The next big thing is the ability to manage risk. As an operator, what are you doing to ensure that good practices are in place to avoid frequency of falls? What practices are in place to ensure good quality as it relates to healthcare management? What programs do you have in place so that your workers’ compensation outcomes are small or modest?
The last point that we talk about a lot in our organization is the trust obligation. This is more than just being in the hospitality business. There is a significant trust commitment that takes place when a resident makes the decision to move into one of our communities. We’re going to help folks through that final chapter of their lives and make sure that the dying experience is done with dignity and in a caring and compassionate way.
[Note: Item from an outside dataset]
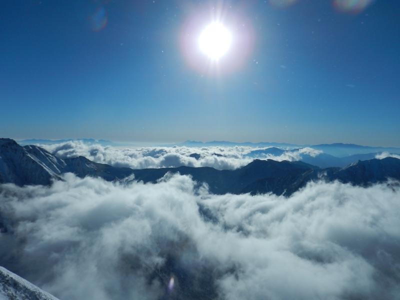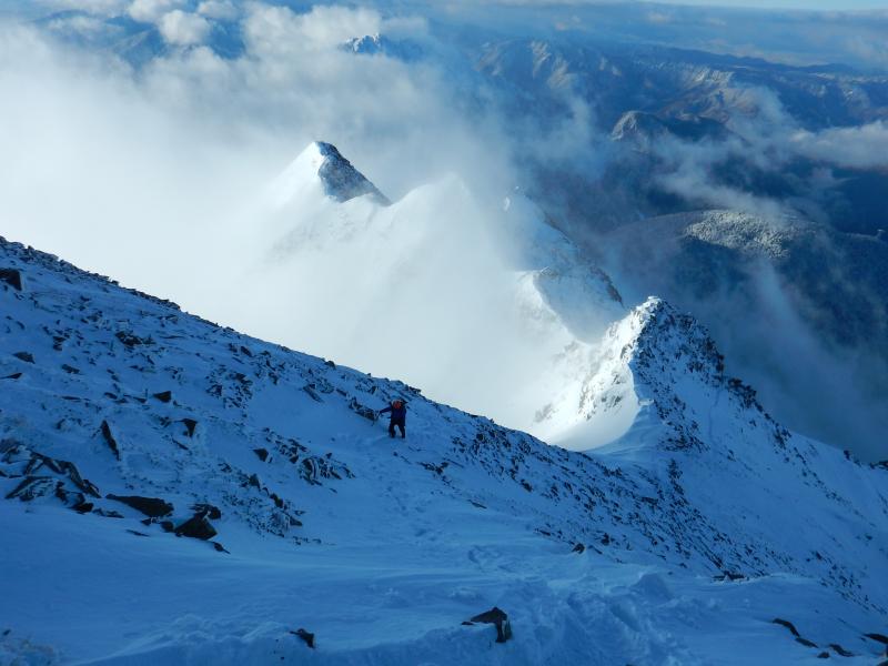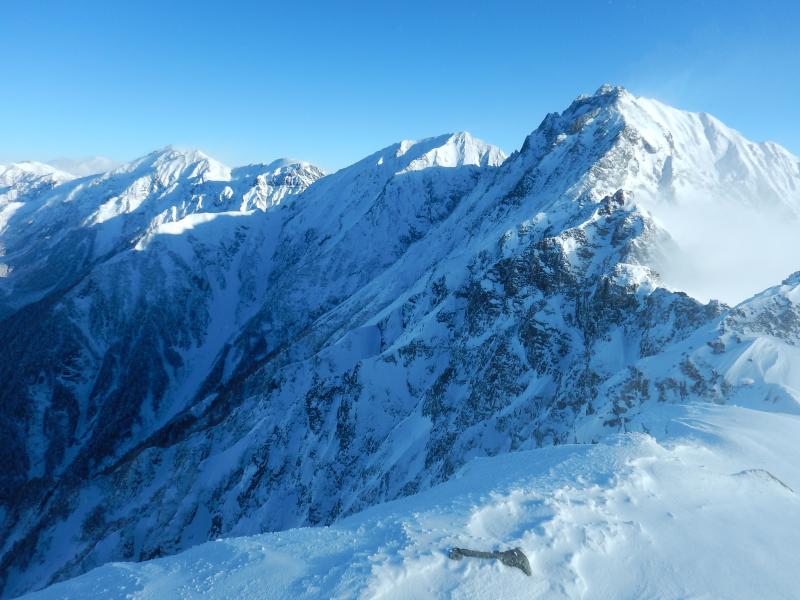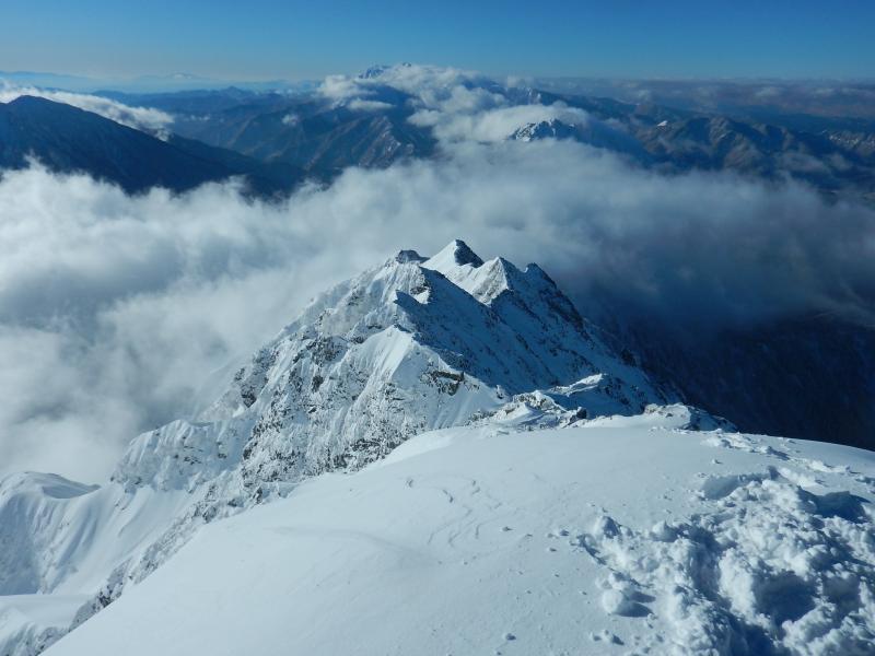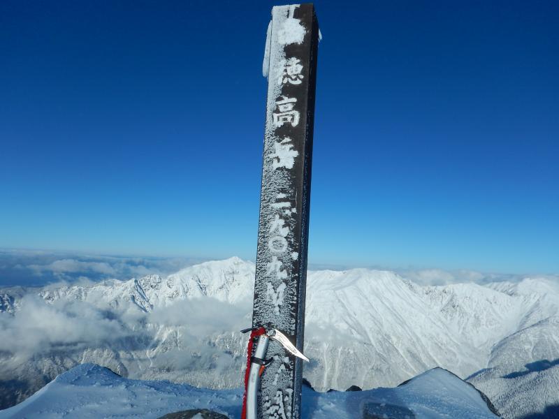 西穂山荘から丸山までは膝ラッセルあり。ワカンあったほうが楽。

So, we are in the hospitality business, we’re a strong service company and we have the necessary compliance culture. But what really differentiates companies from one another in the sector is their ability to execute on that trust obligation.
SHB: Compare and contrast the role of an executive director today of a senior living community versus 1979 when you joined LCS as an executive director?
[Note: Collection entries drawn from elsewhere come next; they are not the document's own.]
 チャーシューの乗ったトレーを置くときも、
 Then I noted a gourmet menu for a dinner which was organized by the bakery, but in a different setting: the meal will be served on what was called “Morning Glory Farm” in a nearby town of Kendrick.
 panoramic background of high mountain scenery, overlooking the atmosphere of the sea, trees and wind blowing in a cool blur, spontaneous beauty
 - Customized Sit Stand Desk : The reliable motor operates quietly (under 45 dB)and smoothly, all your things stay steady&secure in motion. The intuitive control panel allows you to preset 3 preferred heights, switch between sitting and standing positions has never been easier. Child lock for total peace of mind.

Kenny: The emphasis on communication, listening and visibility hasn’t changed at all. That is key. But the regulatory environment has gotten much more complex. The competitive environment has changed a lot in some markets, which has added some more pressure compared with 30 years ago. The regulations and compliance is probably the biggest change.
SHB: How has data and technology benefitted the executive director operating in the trenches day to day?
Kenny: The use of technology and data is obviously a big change from even 10 years ago. We have dashboard systems that provide our executive director real-time information on labor variances, overtime and operating costs per occupied apartment.
SHB: When you joined the company in 1979, did you ever think in your wildest dreams that you’d end up being CEO?
Kenny: No, I never did. I’ve been very blessed. It’s been a wonderful ride. It’s a great company with great people and a great values system. I think we are really making a difference.